Exercise objective →
Leave the pictures out. Return all other data exactly.

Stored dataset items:
_ _ _

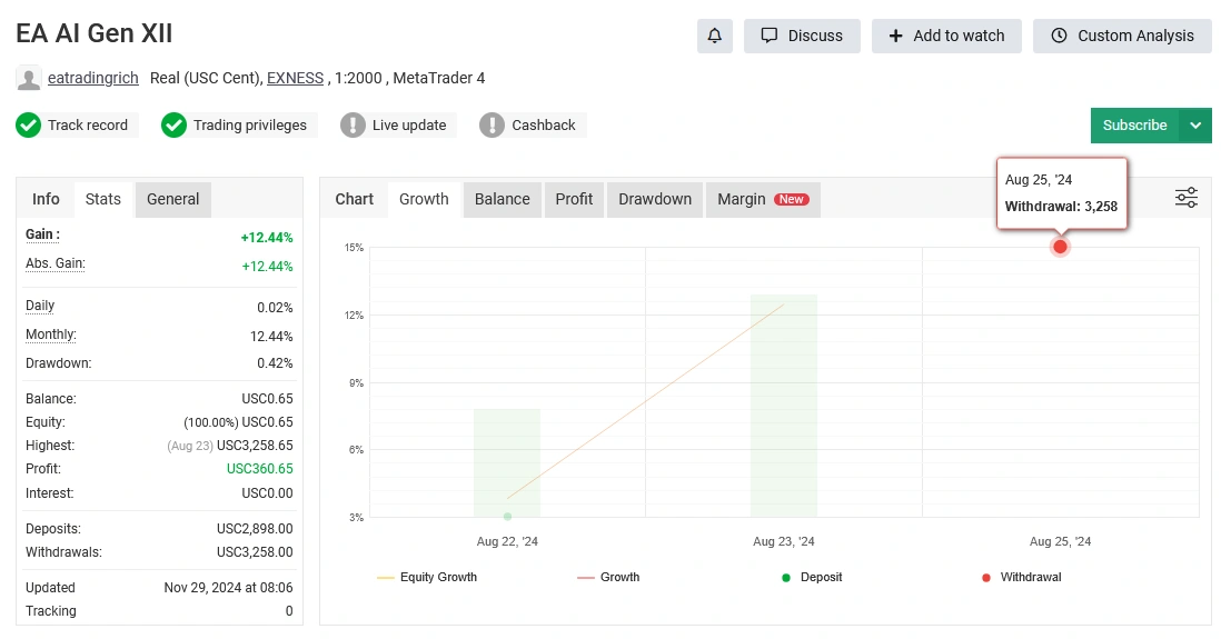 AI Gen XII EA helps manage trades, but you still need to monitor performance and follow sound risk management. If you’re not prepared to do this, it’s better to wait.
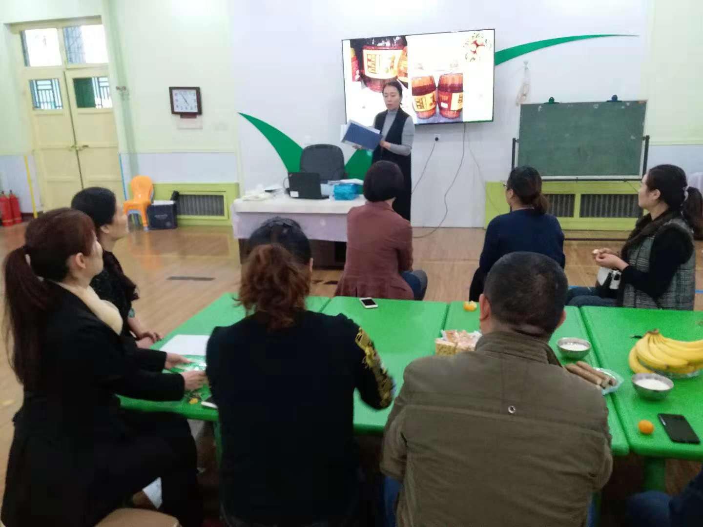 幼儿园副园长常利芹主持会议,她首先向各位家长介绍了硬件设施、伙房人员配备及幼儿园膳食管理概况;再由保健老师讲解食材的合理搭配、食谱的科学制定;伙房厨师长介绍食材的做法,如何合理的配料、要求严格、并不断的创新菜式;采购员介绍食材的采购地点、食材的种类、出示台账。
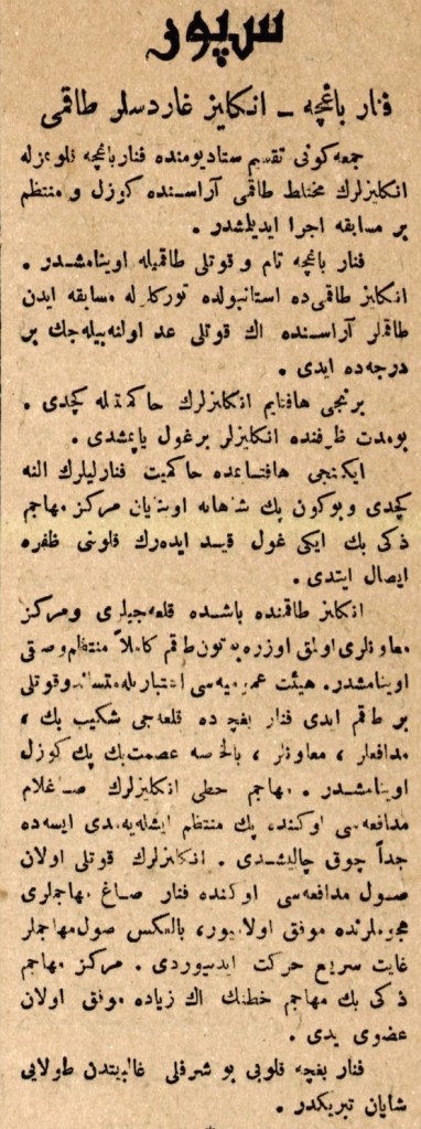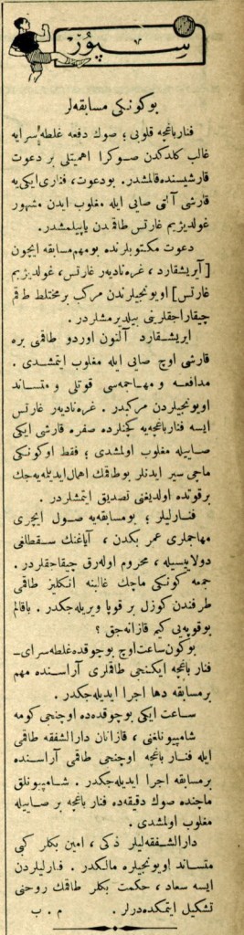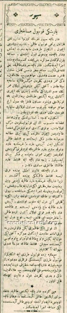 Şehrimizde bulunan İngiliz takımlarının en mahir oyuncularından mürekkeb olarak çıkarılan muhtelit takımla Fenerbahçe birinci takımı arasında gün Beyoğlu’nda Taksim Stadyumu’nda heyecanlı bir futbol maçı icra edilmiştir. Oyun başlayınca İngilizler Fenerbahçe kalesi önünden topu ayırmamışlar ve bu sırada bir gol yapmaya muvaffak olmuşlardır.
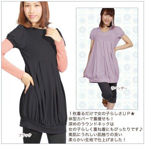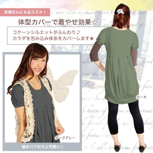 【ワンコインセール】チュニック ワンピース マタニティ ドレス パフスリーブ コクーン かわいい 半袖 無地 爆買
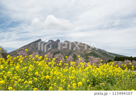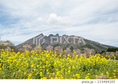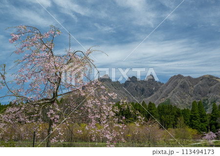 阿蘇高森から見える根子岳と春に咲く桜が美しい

_ _ _

Result for this task →
 AI Gen XII EA helps manage trades, but you still need to monitor performance and follow sound risk management. If you’re not prepared to do this, it’s better to wait.
 幼儿园副园长常利芹主持会议,她首先向各位家长介绍了硬件设施、伙房人员配备及幼儿园膳食管理概况;再由保健老师讲解食材的合理搭配、食谱的科学制定;伙房厨师长介绍食材的做法,如何合理的配料、要求严格、并不断的创新菜式;采购员介绍食材的采购地点、食材的种类、出示台账。
 Şehrimizde bulunan İngiliz takımlarının en mahir oyuncularından mürekkeb olarak çıkarılan muhtelit takımla Fenerbahçe birinci takımı arasında gün Beyoğlu’nda Taksim Stadyumu’nda heyecanlı bir futbol maçı icra edilmiştir. Oyun başlayınca İngilizler Fenerbahçe kalesi önünden topu ayırmamışlar ve bu sırada bir gol yapmaya muvaffak olmuşlardır.
 【ワンコインセール】チュニック ワンピース マタニティ ドレス パフスリーブ コクーン かわいい 半袖 無地 爆買
 阿蘇高森から見える根子岳と春に咲く桜が美しい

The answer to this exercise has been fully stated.